Atypical agents are a genuinely miscellaneous group. Bupropion inhibits reuptake of dopamine and norepinephrine with negligible serotonin activity, which makes it distinctly useful when serotonergic side effects — sexual dysfunction, emotional blunting — are a concern. Mirtazapine blocks alpha-2 autoreceptors and certain serotonin receptors, increasing noradrenergic and serotonergic transmission through a different upstream mechanism; its antihistamine properties make it sedating and appetite-stimulating, which can be therapeutically valuable in patients with insomnia and low weight.

Common scenarios

Antidepressants appear across a wide range of clinical presentations in medication for mental health practice:

• Major depressive disorder (MDD): SSRIs are typically first-line per American Psychiatric Association practice guidelines. Sertraline and escitalopram consistently rank among the best-tolerated options in head-to-head meta-analyses, including the 2009 Cipriani et al. analysis published in The Lancet.
• Generalized anxiety disorder: SSRIs and SNRIs carry FDA approval for GAD; response is comparable to their antidepressant efficacy.
• Panic disorder and social anxiety: SSRIs and venlafaxine are established first-line agents.
• OCD: Clomipramine (a TCA) and SSRIs — particularly at higher doses than those used for depression — remain standard. Fluvoxamine, fluoxetine, sertraline, and paroxetine each carry FDA approval for OCD.
• PTSD: Sertraline and paroxetine are the only FDA-approved pharmacotherapies for PTSD specifically, though other SSRIs are widely used in practice.
• Chronic pain and somatic syndromes: Duloxetine has FDA approval for diabetic peripheral neuropathic pain, fibromyalgia, and chronic musculoskeletal pain — uses that have nothing to do with depression per se.

Decision boundaries

Choosing among antidepressant classes involves more than matching a drug to a diagnosis. Comorbidities shift the calculus considerably. A patient with bipolar disorder requires particular caution — antidepressant monotherapy in bipolar depression can precipitate manic episodes, and mood stabilizer coverage is generally prioritized first.

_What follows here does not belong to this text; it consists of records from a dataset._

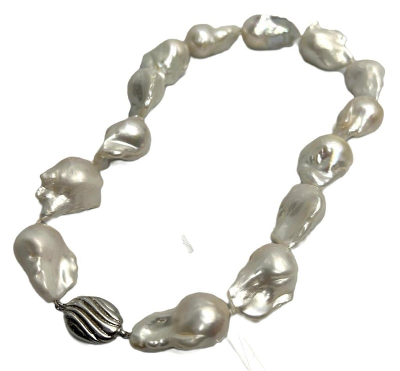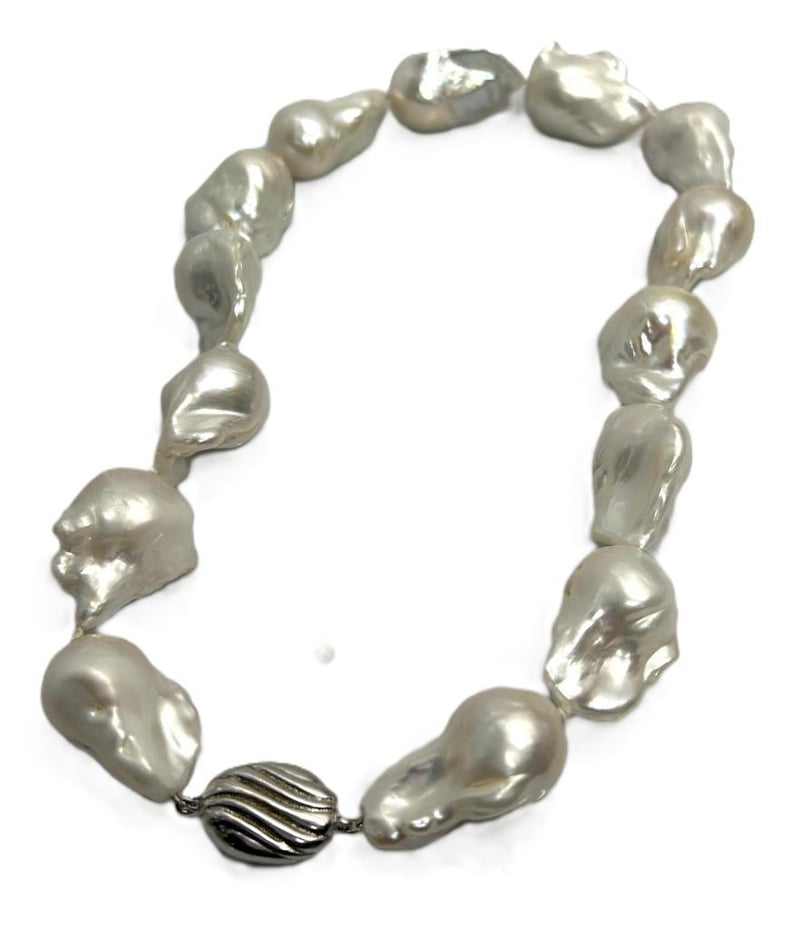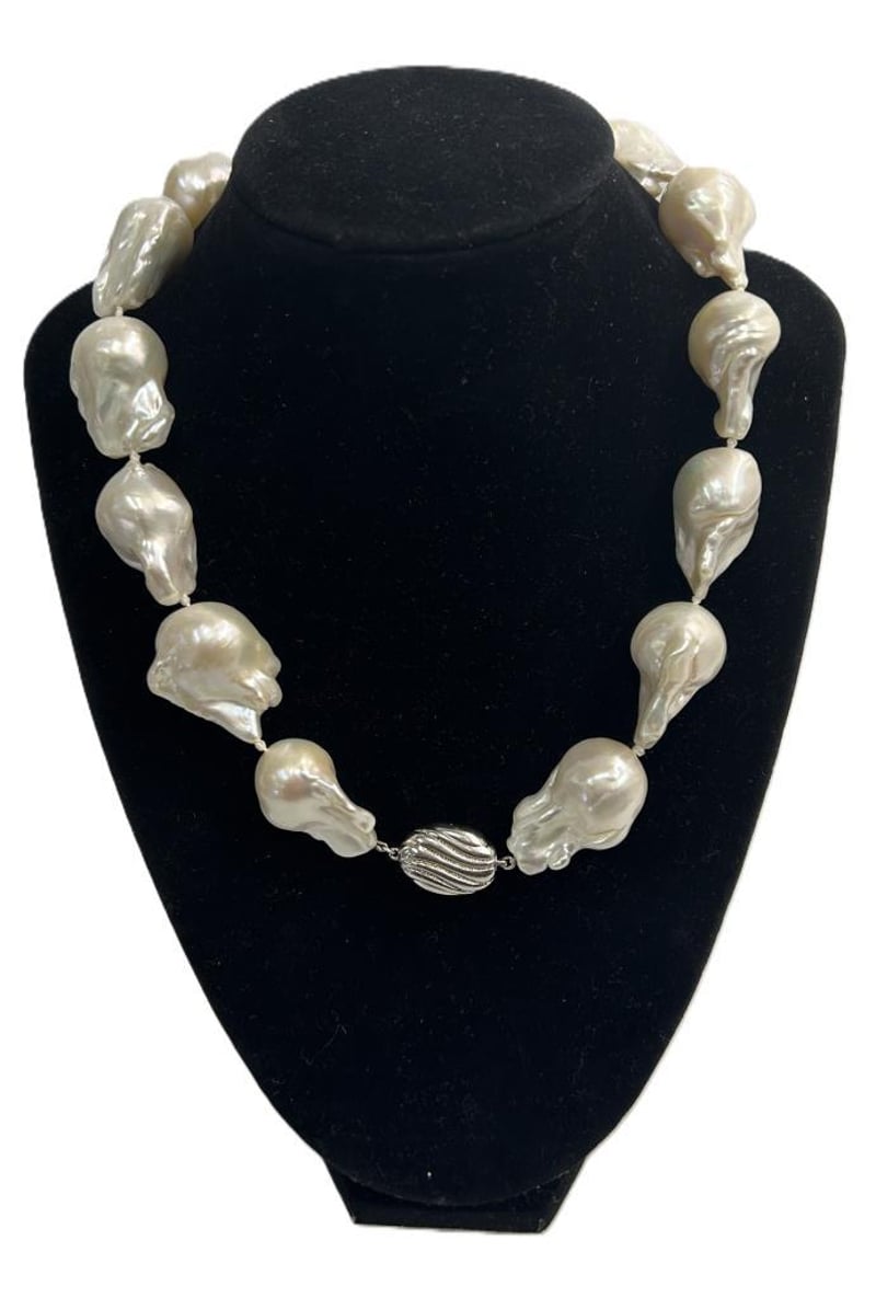 BAROQUE PEARL NECKLACE, FEATURING LARGE ORGANICALLY SHAPED WHITE BAROQUE CULTURED PEARLS MEASURING APPROXIMATELY 22.6 × 20.5 MM TO 31.1 × 21.0 MM, INDIVIDUALLY HAND-KNOTTED ON SILK THREAD AND FINISHED WITH A STERLING SILVER RIBBED CLASP. THE NECKLACE MEASURES APPROXIMATELY 45 CM IN LENGTH, DISPLAYING EXCELLENT LUSTRE AND NATURAL SURFACE TEXTURE CHARACTERISTIC OF BAROQUE PEARLS.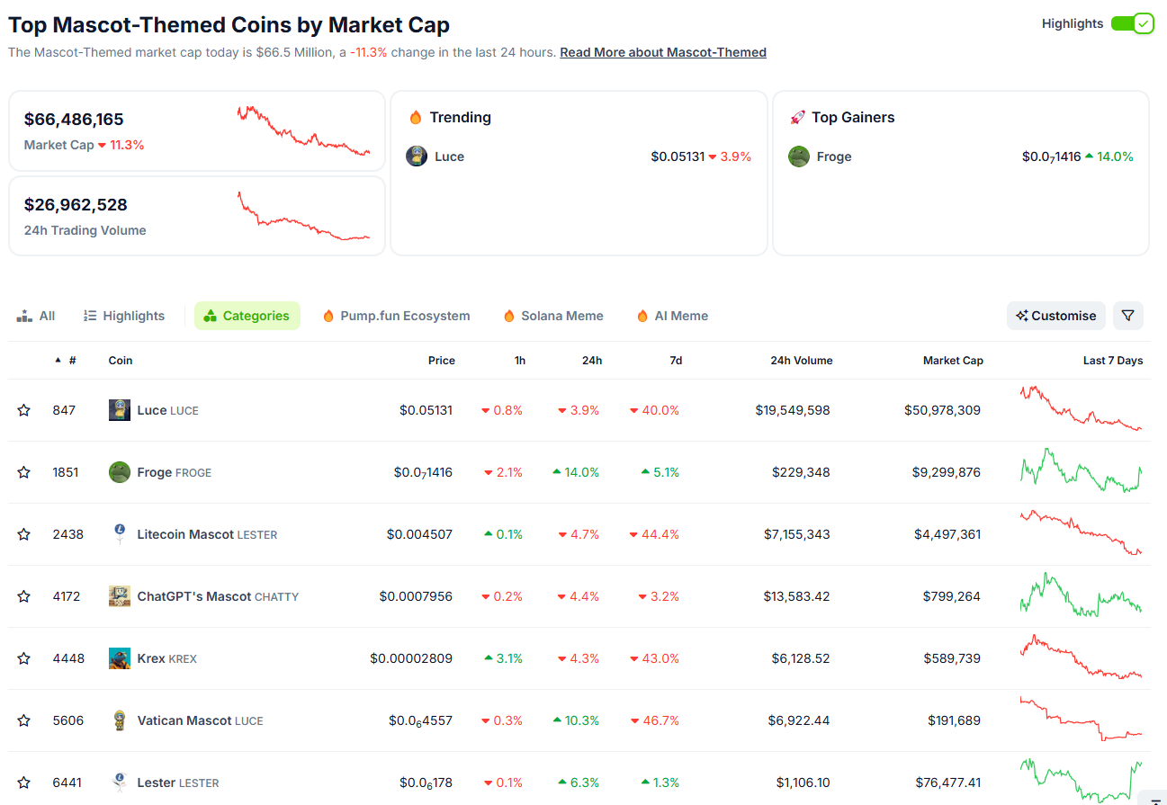 Dữ liệu từ CoinGecko cho thấy, vốn hóa của thị trường meme coin chủ đề Mascot đang ở quanh mức 66.5 triệu USD sau khi tiếp tục giảm thêm 11% trong ngày hôm nay. Khối lượng giao dịch trong ngày cũng chỉ đạt gần 27 triệu USD.
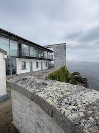 Ă travers la petite cour se trouve l'extraordinaire espace rempli de lumiĂšre qu'est la «maison longue». En 2008, les propriĂ©taires ont achevĂ© une conception radicale consistant en un cuboĂŻde rectangulaire Ă parois de verre reposant sur deux nouvelles chambres et une deuxiĂšme salle de bains. Ce merveilleux ajout permet des vues spectaculaires du niveau supĂ©rieur Ă 270 degrĂ©s. Dans un article de fond sur la visite de l'Irlande, US Airways Magazine (janvier 2012, page 38, disponible en ligne) recommande la propriĂ©tĂ© comme un endroit fabuleux oĂč sĂ©journer et dit que si vous rĂȘvez d'une vue sur l'ocĂ©an, cette propriĂ©tĂ© arrive en tĂȘte de liste 'complĂšte avec plancher- fenĂȘtres au plafond rĂ©vĂ©lant les vagues bleues hypnotiques de l'Atlantique!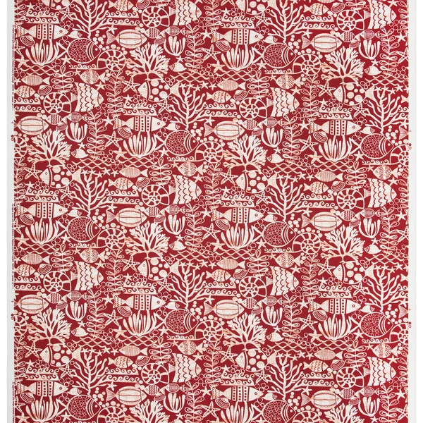 - Tropical pattern featuring fish and marine motifs.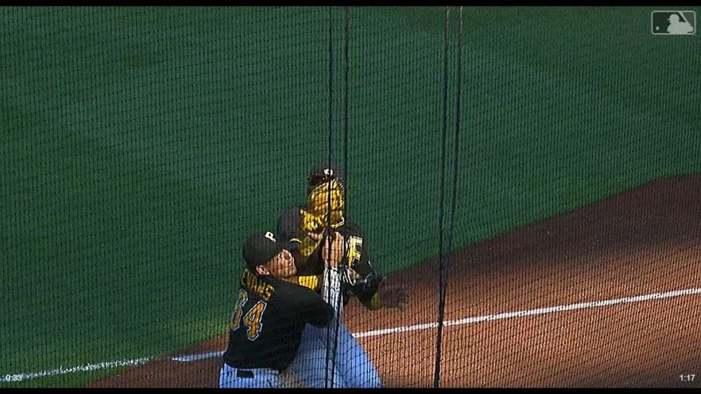 Se trata de los peloteros Philip Evans y Gregory Polanco de los Piratas, quienes no se pusieron de acuerdo y se impactaron por no perder de vista la bola, logrando que uno de ellos acabara noqueado.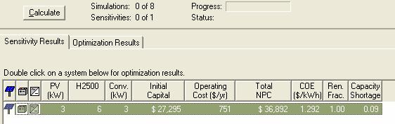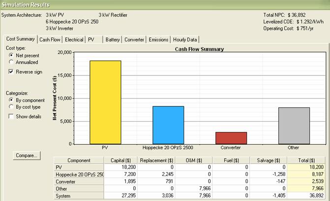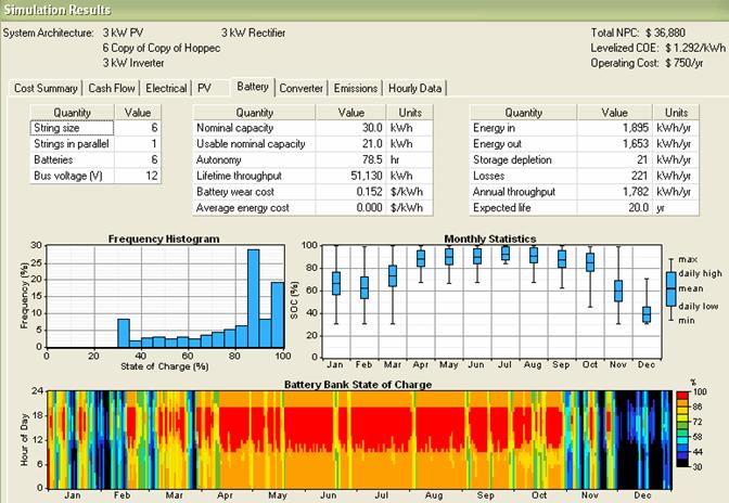 Programul simuleaza mii de configuratii, optimizeaza costul in timpul functionarii si genereaza rezultate ale analizei asupra tutor datelor de intrare, grafice cu variatii in timp (zi/luna/an) ale diverselor marimi ce intervin in sistem: putere produsa, energie vanduta, energie cumparata, energia sarcinii in cazul de fata, precum si reprezentari ale dependentelor dintre aceleasi marimi (Scattered Plots).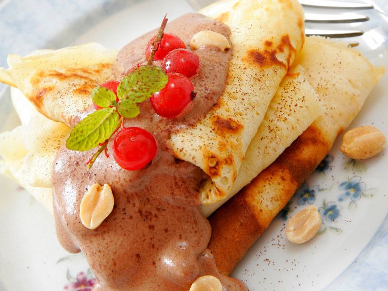 - Crepas con salsa de chocolate y cacahuate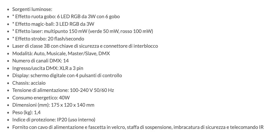 Con le sue molteplici funzionalità, questo sistema è perfetto per eventi, feste e performance dal vivo. La ruota gobo LED RGB da 6x3 Watt offre una varietà di schemi luminosi che possono essere proiettati su diverse superfici, arricchendo l'atmosfera con colori vibranti e motivi creativi. La Magic Ball, con i suoi 3x3 Watt, contribuisce a creare effetti di luce dinamici e scintillanti, mentre il laser multipunto rosso/verde riempie lo spazio con raggi luminosi che aggiungono profondità e movimento all'ambiente. Inoltre, l'effetto stroboscopico amplifica l'intensità visiva degli eventi, permettendo di giocare con il ritmo e il tempo della musica. La facilità d'uso è un altro punto di forza dell'FX-4: la modalità automatica e la modalità di rilevamento della musica consentono a chiunque, anche ai meno esperti, di avviare immediatamente un'illuminazione coinvolgente e festosa. Per i professionisti del settore, i 14 canali DMX offrono il controllo necessario per personalizzare ogni dettaglio dell'illuminazione, rendendo l'FX-4 un'opzione flessibile e potente per ogni tipo di evento. Che si tratti di feste private, concerti o eventi aziendali, l'FX-4 è progettato per trasformare qualsiasi spazio in un'esperienza luminosa indimenticabile.

Tolerability often determines adherence, which determines outcomes. Sexual dysfunction affects an estimated 30% to 40% of patients on SSRIs or SNRIs, according to data compiled by the Mayo Clinic — a side effect that frequently goes undisclosed unless clinicians ask directly. Bupropion is associated with significantly lower rates of sexual dysfunction, and that difference is clinically decisive for a meaningful subset of patients.

Stopping antidepressants abruptly — particularly paroxetine and venlafaxine, which have short half-lives — can produce discontinuation syndrome: dizziness, flu-like symptoms, sensory disturbances sometimes described as "brain zaps." This is not addiction, but it does argue strongly for tapering under clinical guidance rather than stopping cold.

For patients whose depression does not respond to an initial antidepressant, the Sequenced Treatment Alternatives to Relieve Depression (STAR*D) trial — the largest antidepressant effectiveness study ever conducted by the National Institute of Mental Health, involving over 4,000 participants — found that roughly one-third of patients achieved remission with the first medication tried, and that subsequent strategies including switching agents, combining medications, or adding psychotherapy approaches increased cumulative remission rates incrementally across treatment steps. The trial's data remain the most cited real-world benchmark for treatment-resistant depression expectations in US clinical practice.